■ **EXERCISE**
Would you reproduce each line below exactly, leaving every picture out?

··· DATA BELOW

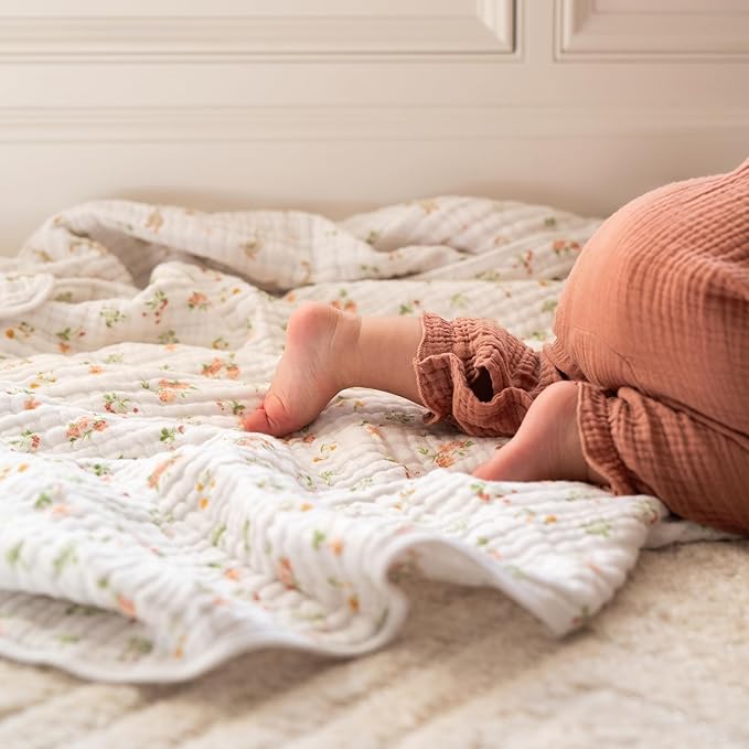 aden + anais Essentials Dream Blanket, Muslin Baby Blankets for Girls & Boys, Ideal Lightweight Newborn Nursery & Crib Blanket, Country Floral
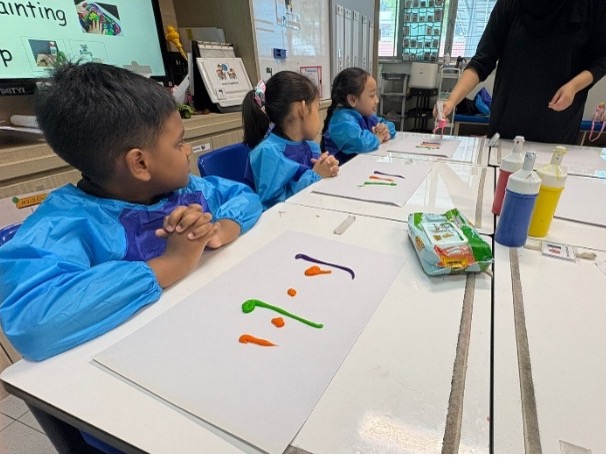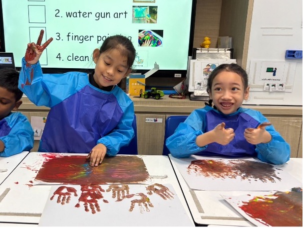 Art Jam was thoughtfully structured into three segments: hand painting, water gun art, and finger painting. These activities allowed students to explore different ways of mark-making, with each artwork reflecting their creativity and individuality.
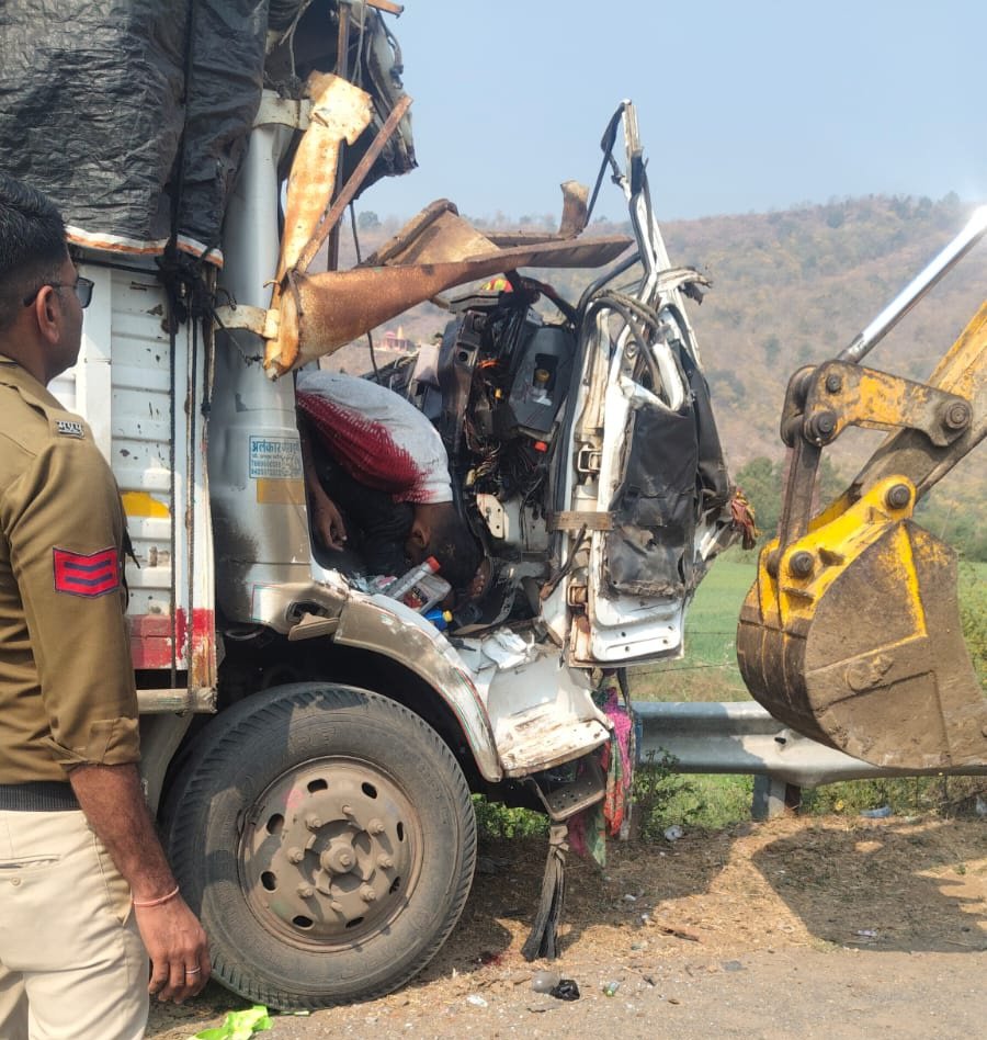 – ट्रक चालक की मौत,चालक को जेसीबी मशीन से बाहर निकाला

······

■ **RESULT OF THIS EXERCISE**
 aden + anais Essentials Dream Blanket, Muslin Baby Blankets for Girls & Boys, Ideal Lightweight Newborn Nursery & Crib Blanket, Country Floral
 Art Jam was thoughtfully structured into three segments: hand painting, water gun art, and finger painting. These activities allowed students to explore different ways of mark-making, with each artwork reflecting their creativity and individuality.
 – ट्रक चालक की मौत,चालक को जेसीबी मशीन से बाहर निकाला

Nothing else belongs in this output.